Hi everyone,
I’m in a pickle here. I have a problem where I get streaming data and a Pytorch model which is to be continuously trained on the said streaming data (in batches of 16 multi-feature data points). Now I have been trying to come up with a class/code structure which would facilitate this, but I have been unable to come up with a solution. My model is initialized through a class. I tried something like this:
def train(model, data, batch_size):
# Get data in appropriate format
train_data = TensorDataset(torch.from_numpy(np.array(data)), torch.from_numpy(np.array(data)))
train_loader = DataLoader(train_data, shuffle=False, batch_size=batch_size)
model = model.double()
# Model Hyperparameters
criterion = nn.MSELoss()
optimizer = optim.RMSprop(model.parameters())

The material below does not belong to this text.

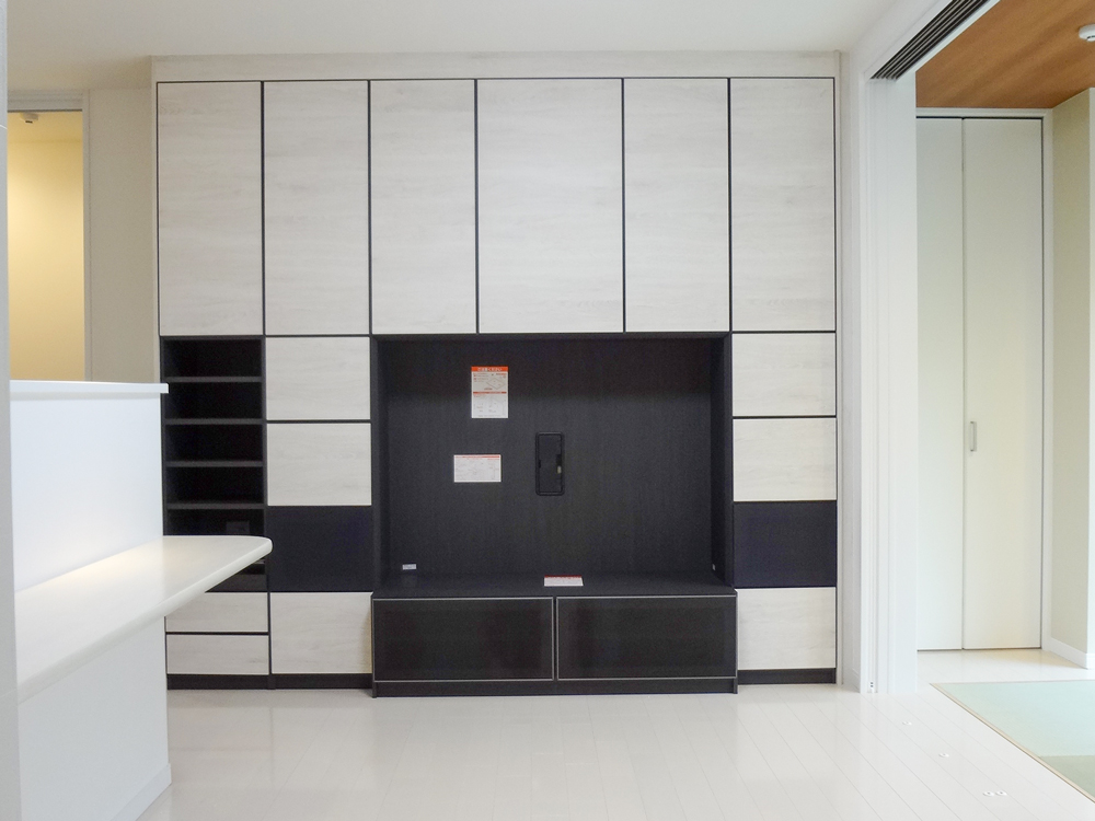 清潔感のあるお部屋になりました。白い空間に設置された黒いテレビボードがお部屋のいいアクセントになっています。 -
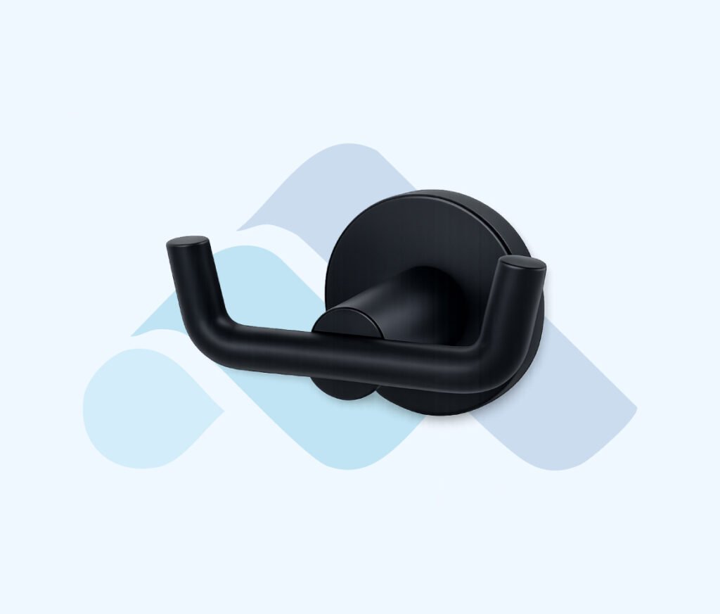 yuvarlak rozetli siyah kaplama metal gövdesi ve çift kollu tasarımı ile kompakt ve işlevsel bir çözüm sunar. İki ayrı askı ucu, havlu ve bornozların düzenli şekilde asılmasını sağlar.

# Keep track of training loss
train_loss = 0.
# Train the model
model.train()
for data, label in train_loader:
data = data.double()
label = label.double()
# Clear gradients of all optimized variables
optimizer.zero_grad()
# Convert data to appropriate format of : (batch_size, seq_len, input_dimensions)
data = data.view(batch_size, 1, data.size(1))
# Forward pass
output = model(data)
# Calcualte batch loss
loss = criterion(output.squeeze(), label)
# Backward pass
loss.backward()
# Perform a single optimization step
optimizer.step()
return model, loss
And then calling the function on each collected batch individually, such as:
model, loss = train(model, data[:16], 16)
But this is a very stupid approach in my mind and there has got to be a better approach. Moreover, this does not give me the right losses anyway (I want to get losses per batch as an output) as the losses are calculated as if the model is re-tranied from scratch at every call (I thought that passing back the model would ensure that its weights after each update are maintained, but I seem to be wrong).
Any help would e appreciated.
P.S.: I am not a software engineer but more of a domain expert data scientist and so please forgive me if I made any naive mistake.